== Task instructions ==
Apart from pictures, transcribe exactly each line from the one containing "Em um monólito, cada" through the final line of the listing below.

== Exercise data ==
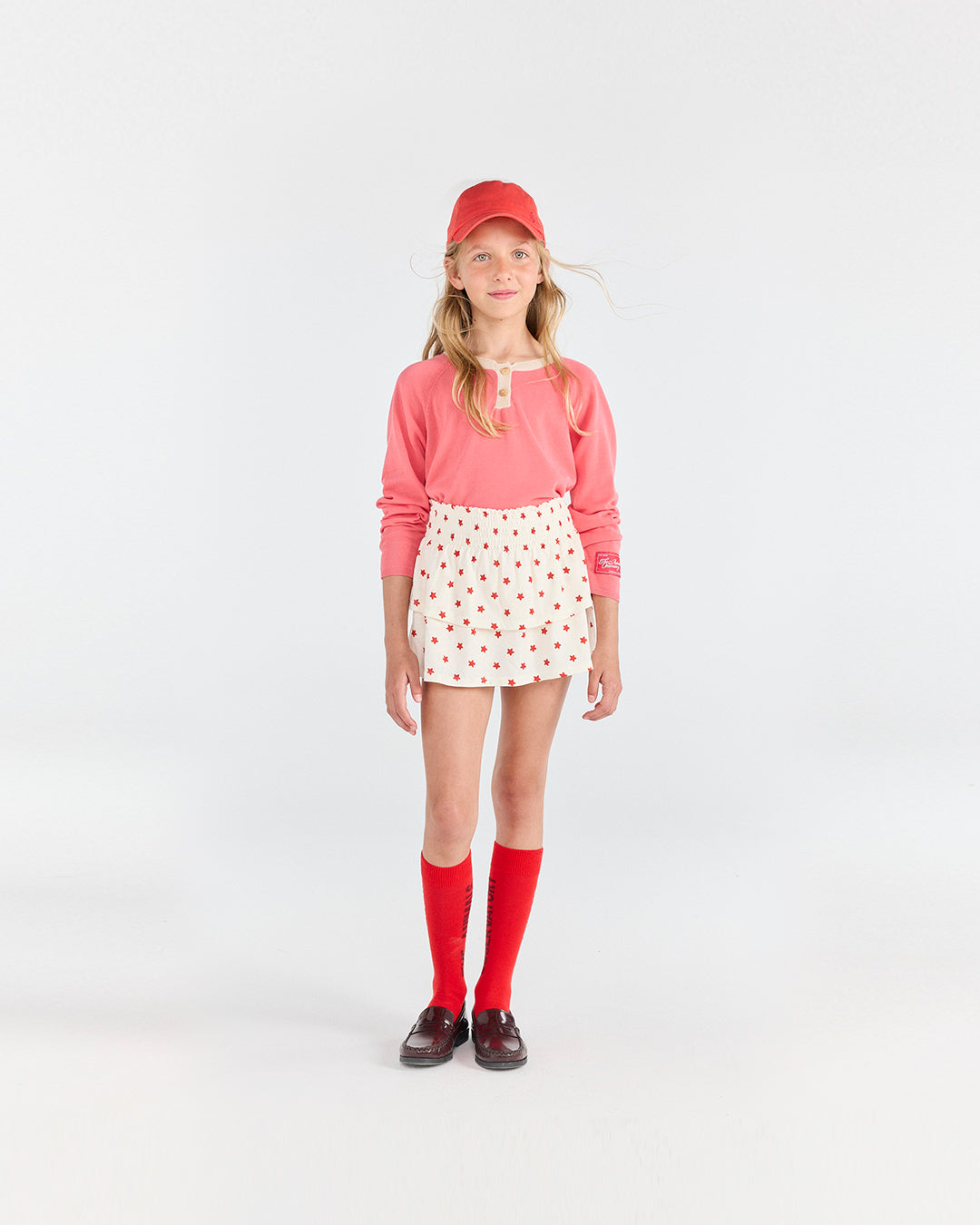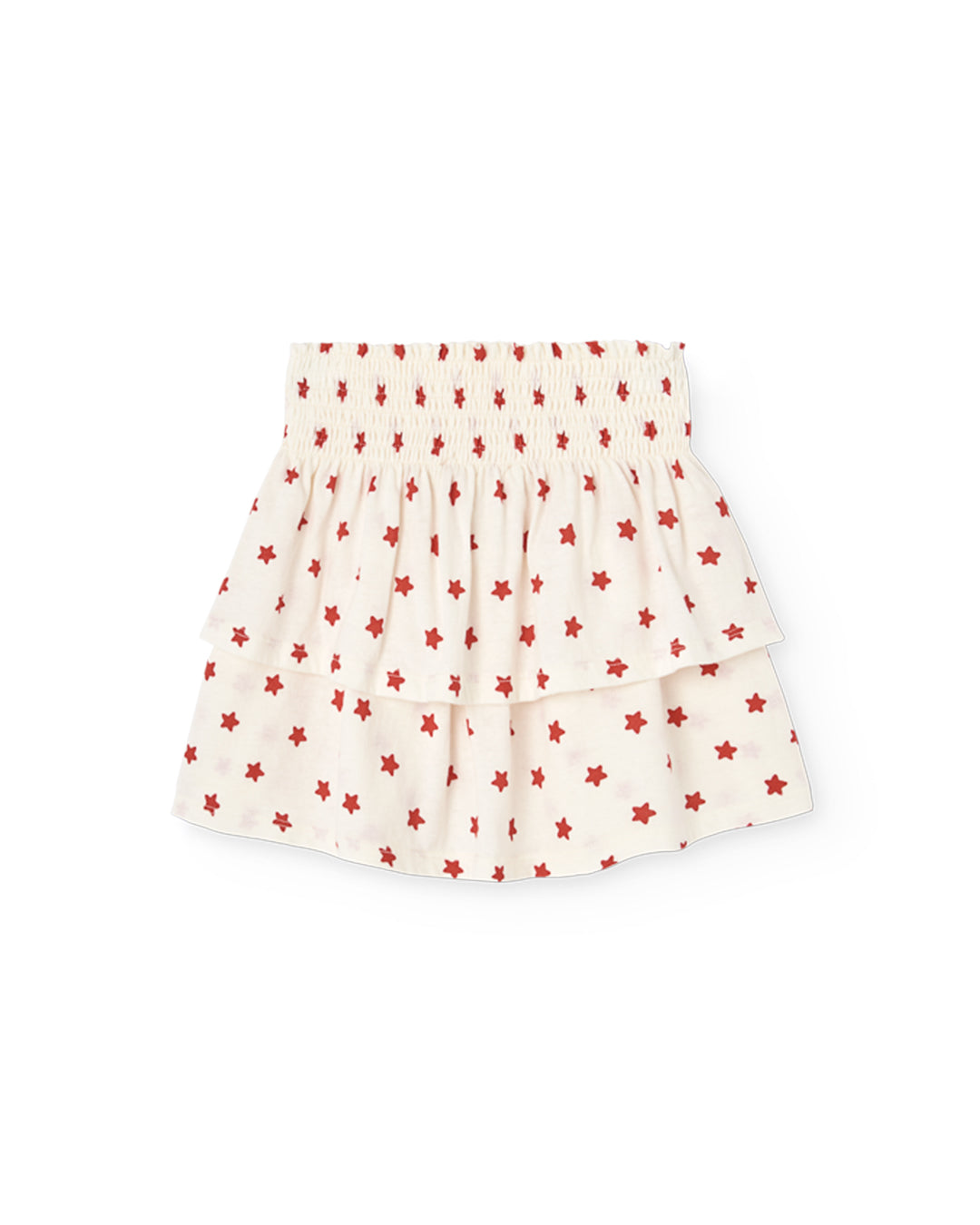 • 전체적으로 빨간 별 무늬가 프린트된 가벼운 면 소재 스커트
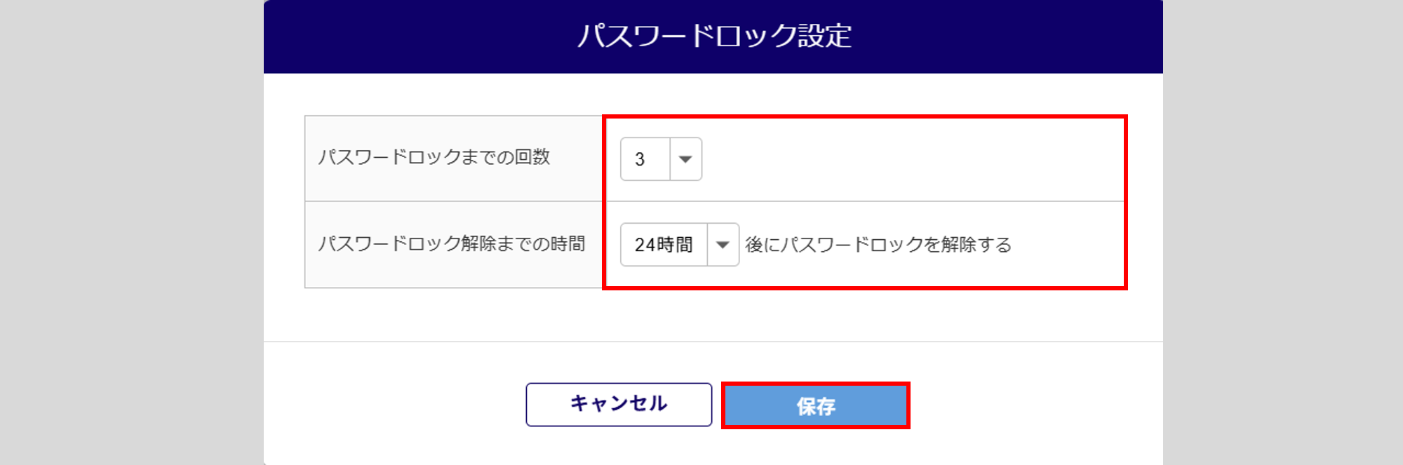 「パスワードロックまでの回数」と「パスワードロック解除までの時間」を設定し、[保存]をクリックします。
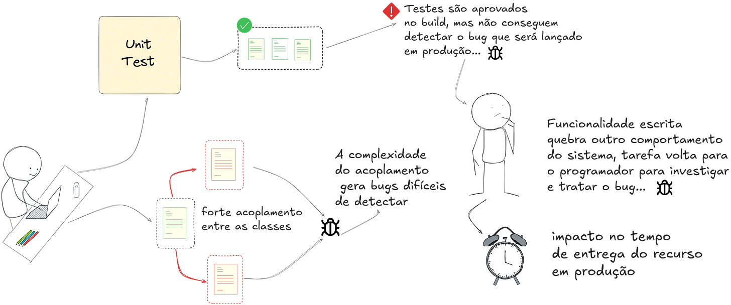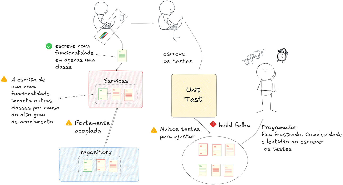 Em um monólito, cada mudança pode desencadear uma cadeia de problemas porque a estrutura não foi desenhada para suportar mudanças. E até mesmo em arquiteturas de microserviços, onde cada serviço deveria ser independente e autossuficiente, a falta de TDD pode resultar em um código acoplado, confuso e difícil de manter, mesmo dentro dos limites de um único serviço. Não adianta termos domínios segregados e contextos bem definidos se o código que forma a base de tudo dentro de cada microserviço é frágil, cheio de dependências invisíveis e desorganizado.
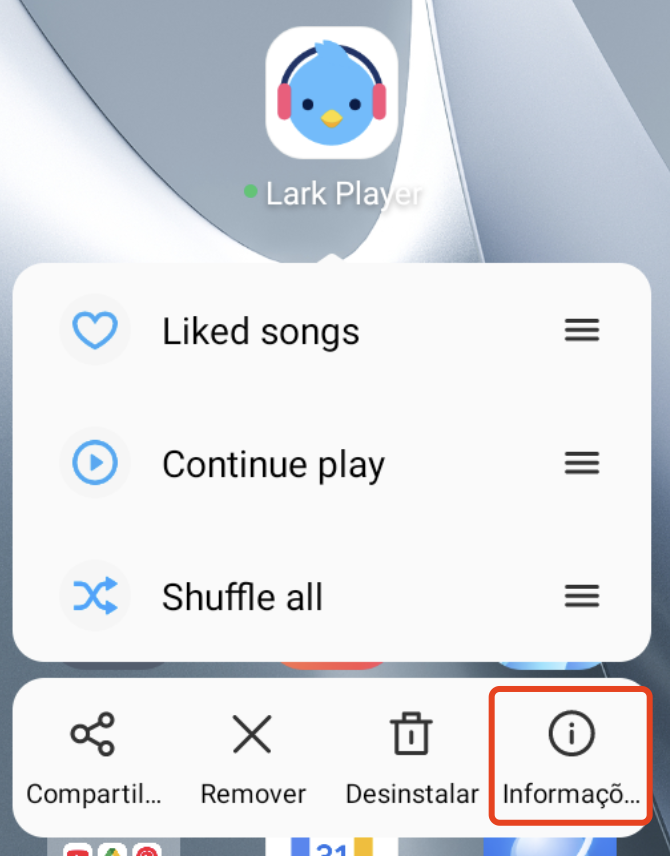 1. Pressione e segure o ícone do Lark Player na tela inicial. Toque em Informações do aplicativo.
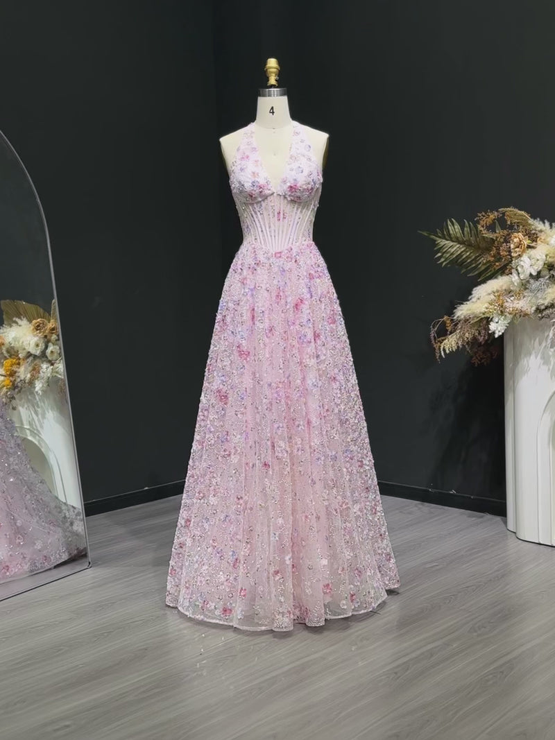 Luxury Pink Halter Neck Sequin Floral Embroidered Prom Dress SH051

== Answer box ==
 Em um monólito, cada mudança pode desencadear uma cadeia de problemas porque a estrutura não foi desenhada para suportar mudanças. E até mesmo em arquiteturas de microserviços, onde cada serviço deveria ser independente e autossuficiente, a falta de TDD pode resultar em um código acoplado, confuso e difícil de manter, mesmo dentro dos limites de um único serviço. Não adianta termos domínios segregados e contextos bem definidos se o código que forma a base de tudo dentro de cada microserviço é frágil, cheio de dependências invisíveis e desorganizado.
 1. Pressione e segure o ícone do Lark Player na tela inicial. Toque em Informações do aplicativo.
 Luxury Pink Halter Neck Sequin Floral Embroidered Prom Dress SH051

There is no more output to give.